While Walker enjoyed the logistical and financial backing of national Republicans, his adversaries were mostly left to fend for themselves by a DNC that either failed to grasp the strategic importance of Wisconsin or just didn’t particularly care what happened to the teachers, firefighters, trade unionists, and students who made up its base there. One month before 2012’s recall election, as polls suggested Walker’s Democratic challenger Tom Barrett held a slight lead, the state’s electorate was bombarded with ads linked to the Koch brothers. Apart from a single tweet on election night, neither President Obama nor any national Democrats came to the aid of Barrett’s campaign.
Such complacency, even from centrist Democrats, initially appears difficult to explain given Wisconsin’s electoral history and strategic importance.

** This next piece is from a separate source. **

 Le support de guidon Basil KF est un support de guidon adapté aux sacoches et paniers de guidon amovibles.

Traditionally considered a blue state, no Democrat since 1960 has secured the presidency without first winning its primary. But following a decisive loss to Bernie Sanders in the 2016 contest, Hillary Clinton became the first presidential candidate of either party since Richard Nixon in 1972 to skip the state altogether (not visiting until November of 2017 to promote a book about her loss). At least on a national level, liberal pundits seemed to take it for granted. As MSNBC’s Rachel Maddow put it a few months before the 2016 presidential election: “The Republican Party really, really, really wants Wisconsin to be a swing state — not true…I mean, even Michael Dukakis won Wisconsin, right?” Such thinking would ultimately cost the Democrats Michigan as well.

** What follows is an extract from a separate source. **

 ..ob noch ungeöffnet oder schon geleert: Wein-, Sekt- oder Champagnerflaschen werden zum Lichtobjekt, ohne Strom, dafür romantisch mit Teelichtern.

What the case of Wisconsin — from Walker’s onslaught to Clinton’s surprise 2016 loss — ultimately illustrates are the consequences of the Democratic Party’s decades’ long transformation and the poverty of strategic thinking that has accompanied it. Increasingly a party catering to the affluent and white collar professionals, its generalized pivot away from redistributive politics, unions, or egalitarian policies around trade (and towards a rhetoric of bootstraps individualism and fiscal conservatism) has produced an incoherent voter coalition that can no longer be depended upon to deliver it big legislative majorities or electoral college victories. All the while, traditional sections of its base in working class communities across the Midwest have withered along with the relative prosperity they once enjoyed and the institutions that sustained them. It bears mentioning that, even amid Walker’s recent and long-overdue defeat, Democratic numbers among poorer and union households actually fell and were bolstered by college graduates.

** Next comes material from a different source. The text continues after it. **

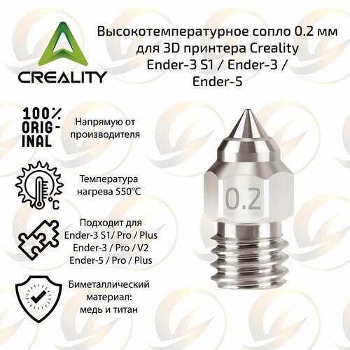 Оригинальное высокотемпературное сопло 0.2 мм для 3D принтера Creality Ender-3 S1 / Ender-3

As Kaufman observes, it was Walker’s Democratic predecessor Jim Doyle who helped lay the ideological groundwork for Act 10, promising in 2002 to cut 10,000 public sector workers and boasting in December 2010 that he’d made deeper cuts to state employees than any other governor in Wisconsin’s history. Despite some pro-labor rhetoric in 2008, Obama, meanwhile, failed to aggressively push the card-check labor law bill he’d campaigned on and it landed dead on arrival in a majority Democratic Senate. Republicans, meanwhile, have assiduously chipped away at their opponents’ base and infrastructure, obtaining deadly legislative power despite boasting just a single popular vote presidential victory since 1988.
As Wisconsin so alarmingly demonstrates, neither the Republican Party’s malevolent tactics nor their destructive toll on working people can ultimately be resisted by liberal timidity or a Democratic Party that prefers the polite discourse of affluent suburbs to the moral urgency of wildcat pickets and union halls. In Kaufman’s own words: “There is one force that can untangle the Gordian knot of divide-and-conquer politics: solidarity.”